Docker for Production

Use a multi-stage Dockerfile to keep the production image lean. The builder stage compiles TypeScript; the runner stage copies only the compiled output and production node_modules.

# Dockerfile
FROM node:20-alpine AS builder
WORKDIR /app
COPY package*.json tsconfig.json ./
RUN npm ci
COPY src/ ./src/
RUN npm run build

FROM node:20-alpine AS runner
WORKDIR /app
ENV NODE_ENV=production
COPY package*.json ./
RUN npm ci --omit=dev
COPY --from=builder /app/dist ./dist
EXPOSE 3000
USER node
CMD ["node", "dist/app.js"]

CI/CD with GitHub Actions

A minimal pipeline: lint, type-check, test, build Docker image, push to registry, deploy. The key is running type-check (tsc --noEmit) separately from the build so errors surface with readable output.
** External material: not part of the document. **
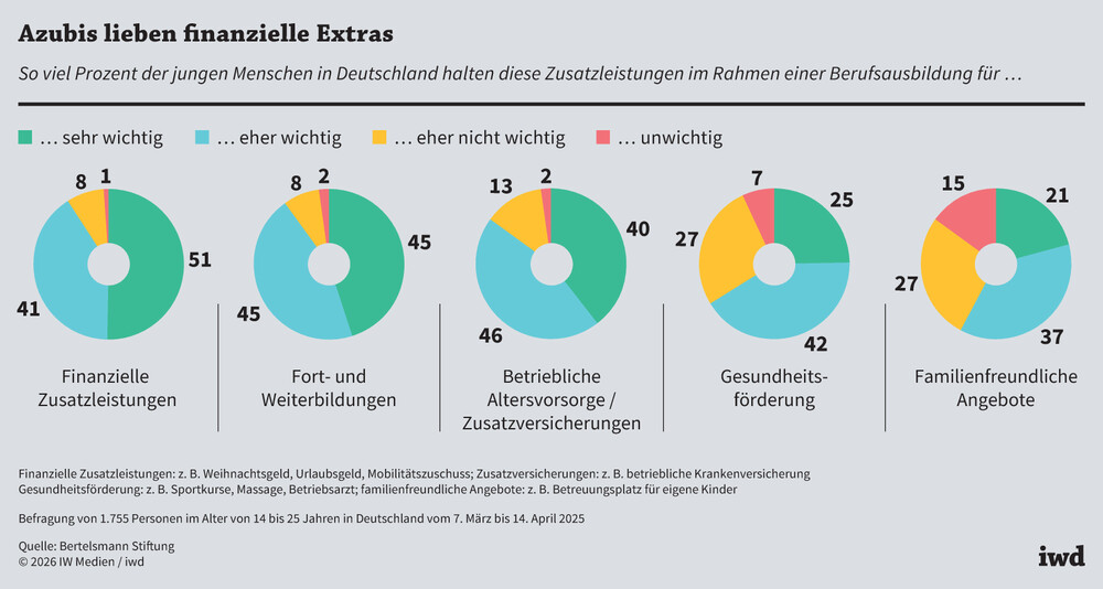 So viel Prozent der jungen Menschen in Deutschland halten diese Zusatzleistungen im Rahmen einer Berufsausbildung für so wichtig bzw. unwichtig
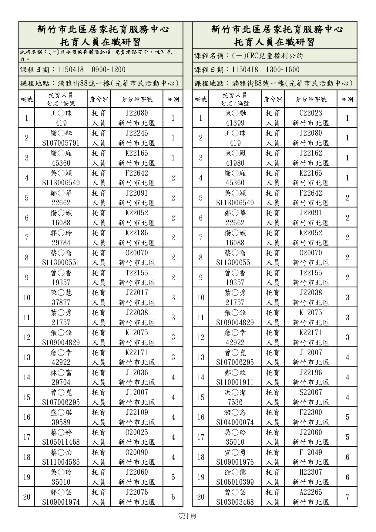6.課程異動或如遇颱風等天災,經人事行政局公告休假日,課程將擇期舉辦,訊息將公告於北區居家托育

# .github/workflows/deploy.yml
name: Deploy
on:
  push:
    branches: [main]

jobs:
  test:
    runs-on: ubuntu-latest
    steps:
      - uses: actions/checkout@v4
      - uses: actions/setup-node@v4
        with: { node-version: '20', cache: 'npm' }
      - run: npm ci
      - run: npm run lint
      - run: npm run type-check
      - run: npm test

  deploy:
    needs: test
    runs-on: ubuntu-latest
    steps:
      - uses: actions/checkout@v4
      - name: Build and push Docker image
        run: |
          docker build -t ghcr.io/${{ github.repository }}:${{ github.sha }} .
          docker push ghcr.io/${{ github.repository }}:${{ github.sha }}

Prisma vs Mongoose — When to Use Which

This comes up constantly. My rule: use Prisma with PostgreSQL for anything that has relational data or requires transactions. Use Mongoose with MongoDB when you need flexible schemas, full-text search, or are already on a Mongo stack. Never mix ORMs in the same service — pick one and commit.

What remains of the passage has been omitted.